Monday, March 29, 2010

To confess, or not to confess...

Often, there are statements we hear that stay with us a long time. One of those for me is from my moral theology professor at the Seminary. He said "never underestimate the ability of God's people to screw up there lives." It was not a joke, but more a commentary on who we are as sinners struggling to cope in this world and where we more often show the inability to resist temptation. I also like the title of a priest friends talk that he titled "confession - its not just for the elderly." While the sacrament is largely ignored due to a more protestant view that my confession is between me and my God, it does have many of the young giving it a chance.

Some of the most profound confessions I have heard are from the high school age students and I could not help but think back to what my seminary professor had said as I watch it being fulfilled. I hear and see some battered and bruised sinners in tears looking for reconciliation from the God that is there to restore. Many young adults also bring battered and broken lives to the sacrament and seek us to show them God's love. Reconciliation is one of the most rewarding aspects of the priest's life. It is an uncomfortable thought to share a persons failings with another, but the sacrament asks a demonstration of what Jesus asks and showed Himself, which is the ability to humble ourselves. Most priests go to confession at least once a month to remind themselves of what it is the Church asks of all of us a minimum of once a year.

It is our conscience that we have lied to and ignored when we make excuses and list numerous justifications to ourselves for not making use of reconciliation.
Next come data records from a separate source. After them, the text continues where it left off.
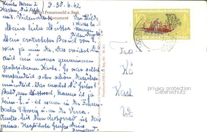 72405215 alte Postkarte Frauenwald Thueringen Monument postalisch gelaufen Erhaltung siehe scans KatCode: 11110016070015
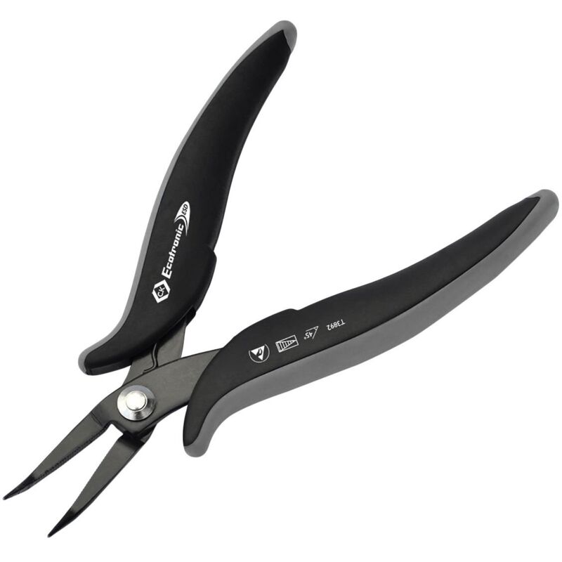 Dettagli tecnici Campo di impiego ESD Dimensione del prodotto, lunghezza 152 mm Materiale Acciaio al carbonio Proprietà del materiale altamente legato, brunito Tipo prodotto Pinza a becchi appuntiti Pinza a becchi curvi C.K Ecotronic ESD Per maneggiare in sicurezza piccoli componenti in applicazioni di precisione (per es. microelettronica e meccanica di precisione) Corpo in acciaio speciale per utensili, temprato per prestazioni a lungo termine Finitura brunita per resistenza contro la corrosione e riduzione della lucentezza Manici a dispersione elettrostatica - dissipativi 10⁸ Manici bimateriale di forma sagomata per un lavoro confortevole Molla di richiamo ad azione fluida per praticità nei lavori ripetitivi Cerniera con rivetto in acciaio inossidabile duraturo Pinza a becchi curvi leggera di precisione con punte piegate a 45° Becchi lunghi, dentellati Esterno dei taglienti arrotondati per ridurre il rischio di danni di componenti circostanti Informazioni Tecniche: Lunghezza totale
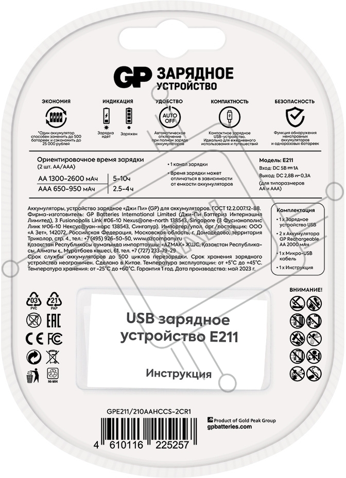 Зарядное устройство GP Rechargeable E211/210AAHCCS-2CR1 AA/AAA NiMH 2100mAh (2шт) блистер
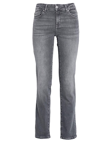 denim, faded, brand logo, solid color, colored wash, mid rise, belt loops, straight leg, slim-leg pants, 1 button, zipper closure, five pockets, stretch, straight-leg model
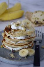 Pancakesy bananowo-chałwowe 48składniki – mąkę, proszek do pieczenia i dokładnie mieszamy do połączenia. Do białka dodajemy szczyptę soli i ubijamy mikserem na puszystą pianę. Dodajemy ją w dwóch partiach do ciasta na pancaksy i delikatnie mieszamy do połączenia. Rozgrzewamy teflonową patelnie, wlewamy porcję ciasta i zmniejszamy ogień na średni, ponieważ w pancakesach jest dużo cukru i nie chcemy aby się
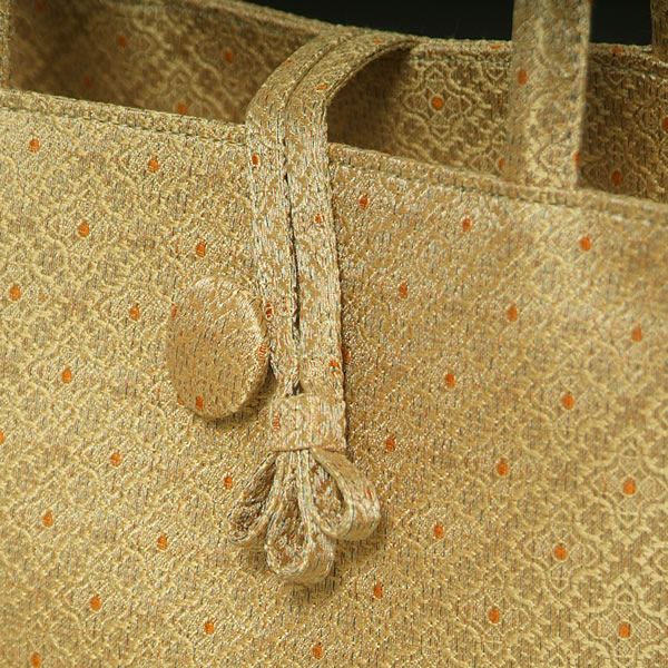 お茶やお花、三味線などのお稽古バッグとして、また着物のサブバッグとして重宝していただけるくるみボタン付の縦長のバッグです。
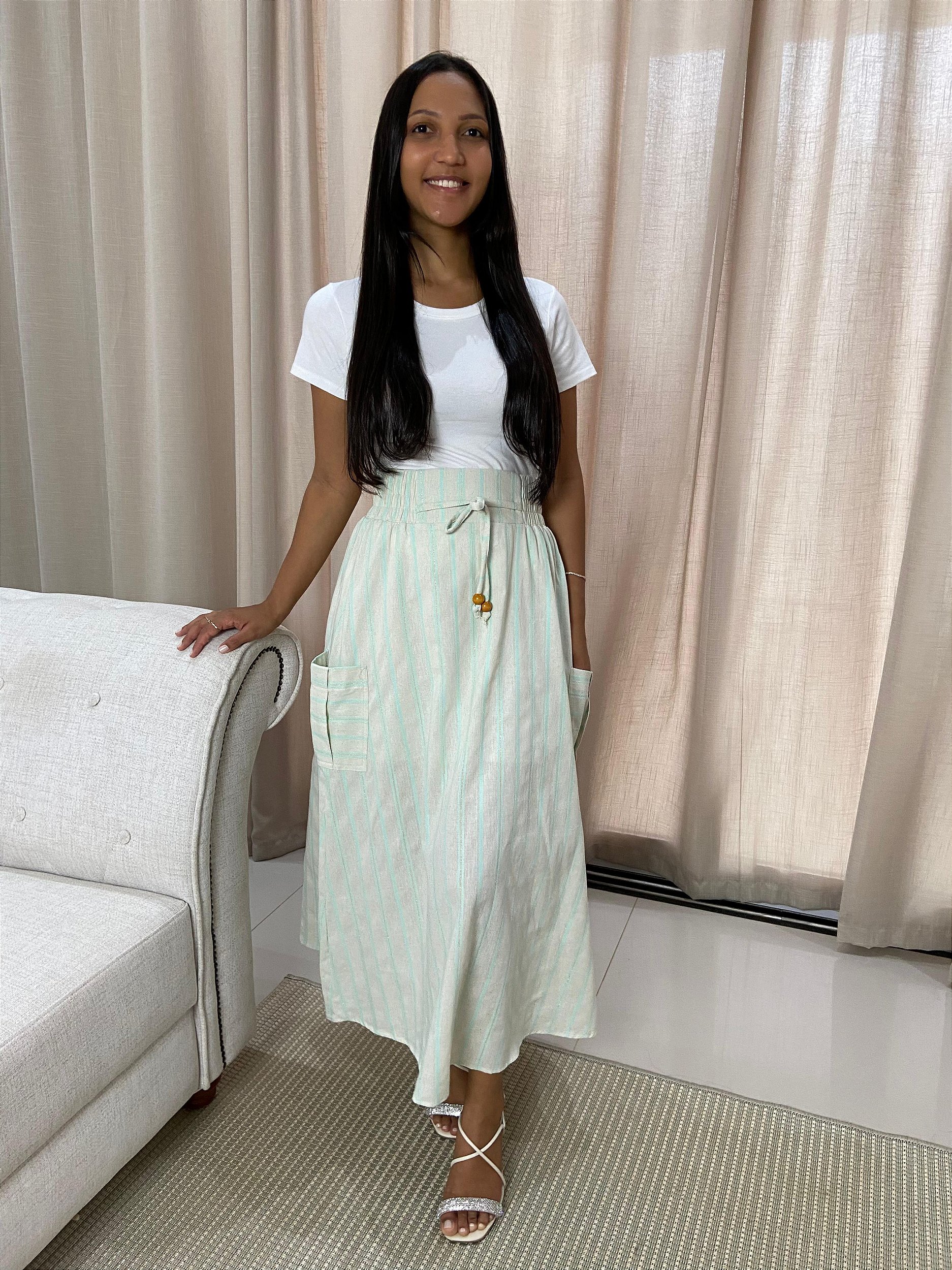 Uma saia longa de linho com bolsos laterais é uma ótima escolha, pois combina elegância e conforto.
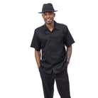 Montique’s Reione Collection is a masterclass in understated elegance. This black walking suit features a short-sleeve button-down shirt with a subtle textured pattern that adds depth and sophistication without overpowering the look. Paired with matching solid black pants, this two-piece set offers a clean and versatile design that’s perfect for evening outings, casual events, or whenever you want to exude timeless style. The adjustable waistband ensures all-day comfort, combining practicality with polished aesthetics.

If we are truthful with ourselves, (and the conscience will tell you in the depth of your heart) it is not because we don't believe in reconciliation as a discipline, but we do not want to subject ourselves to a perceived humiliation or embarrassment. As a priest, I think one of the graces of ordination is to see sin and sinner with the eyes of Jesus. To be able to see through sin and see the human being as God sees us in Christ. After all, as human beings, we all seek reconciliation with God...we as priests are no different. If the priest is not as gentle as a lamb in the confessional, he has strayed to far from what he was taught.